* **The problem**: Starting at the line that contains "Kolorystyka: Tarcza w", print each line exactly through the end of the listing. Skip any pictures and add nothing.

* **Excerpted data**:

——

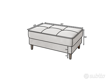 Misure pouf: lunghezza 97 cm – altezza 42 cm – profondità 62 cm
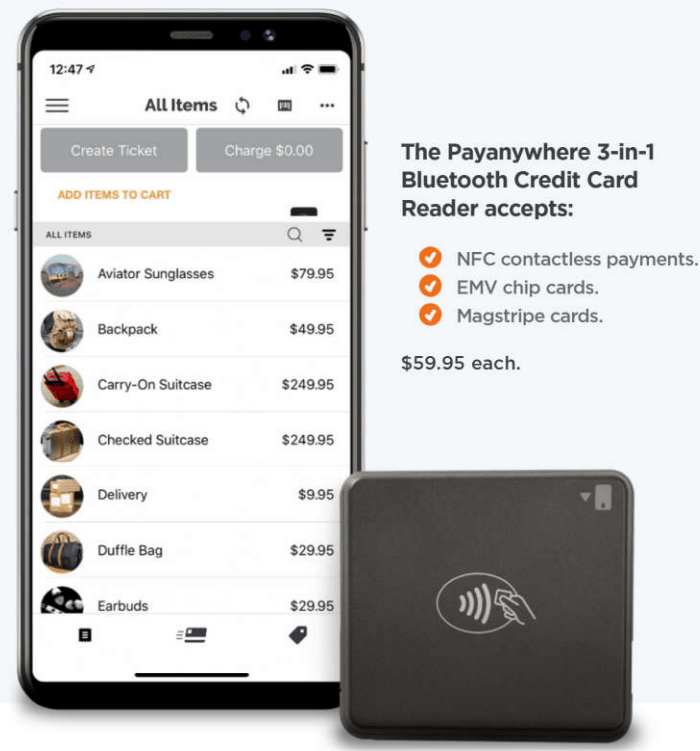 Simply connect this card reader to your phone or tablet and use Payanywhere’s software, you are ready to take payments any time, any place, anywhere. This device allows you to process cards by swipe, chip read or tap. Email receipts to your customers and manage your business transactions. This device is ideal for Professional Services, Health & Beauty, Contractors, Food Trucks and any Mobile Entrepreneur.
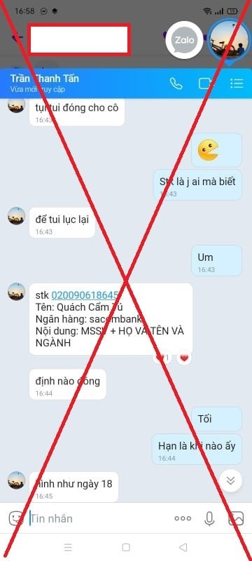 - Sinh viên cần kiểm tra các thông tin từ trường Đại học, Cao đẳng hoặc tổ chức tài chính qua các kênh chính thức và liên hệ trực tiếp với trường nếu có bất kỳ nghi ngờ nào. Tuyệt đối không thực hiện việc chuyển tiền khi tiếp nhận thông tin yêu cầu đóng lệ phí, học phí từ những kênh thông tin không chính thống của trường như qua điện thoại, tin nhắn, thư điện tử, các trang nhóm Zalo, Facebook.
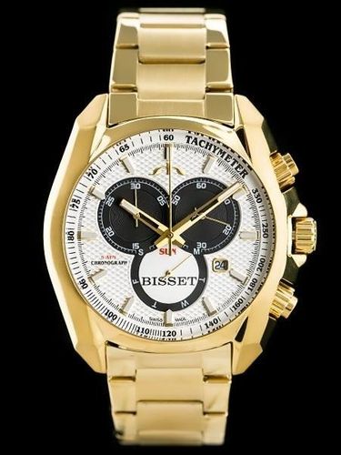 Kolorystyka: Tarcza w kolorze srebrnym, koperta i bransoleta w kolorze złotym, tarcze chronografu w kolorze czarnym
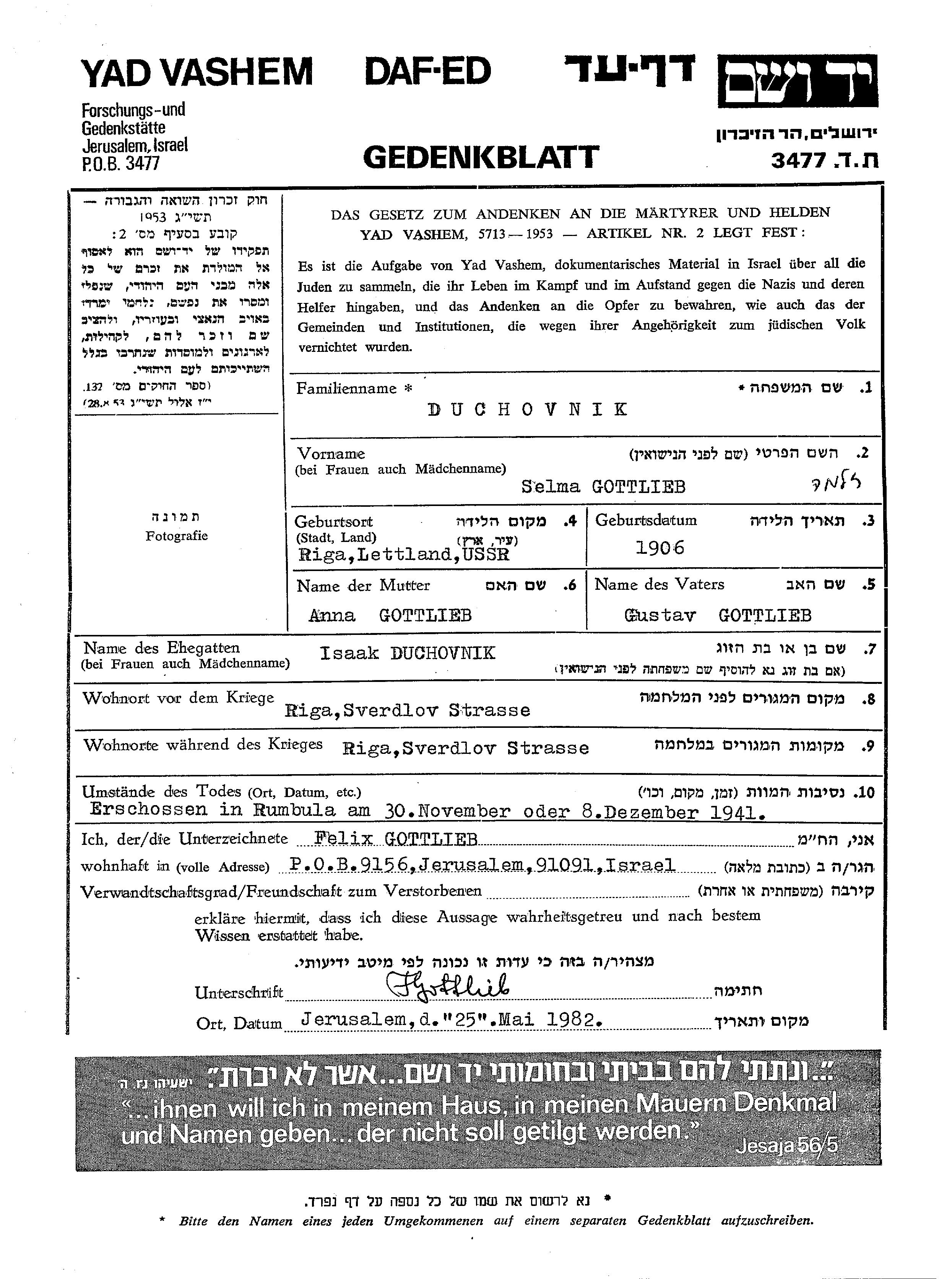 Selma Duchovnik, geb. Gottlieb wurde im Jahr 1906 in Riga, Lettland geboren. Sie war die Tochter von Gustav und Anna. Sie war mit Isaak Verheiratet. Vor dem Zweiten Weltkrieg lebte sie in Riga, Lettland. Während des Krieges war sie in Riga, Lettland.

——

* **Solution**:
 Kolorystyka: Tarcza w kolorze srebrnym, koperta i bransoleta w kolorze złotym, tarcze chronografu w kolorze czarnym
 Selma Duchovnik, geb. Gottlieb wurde im Jahr 1906 in Riga, Lettland geboren. Sie war die Tochter von Gustav und Anna. Sie war mit Isaak Verheiratet. Vor dem Zweiten Weltkrieg lebte sie in Riga, Lettland. Während des Krieges war sie in Riga, Lettland.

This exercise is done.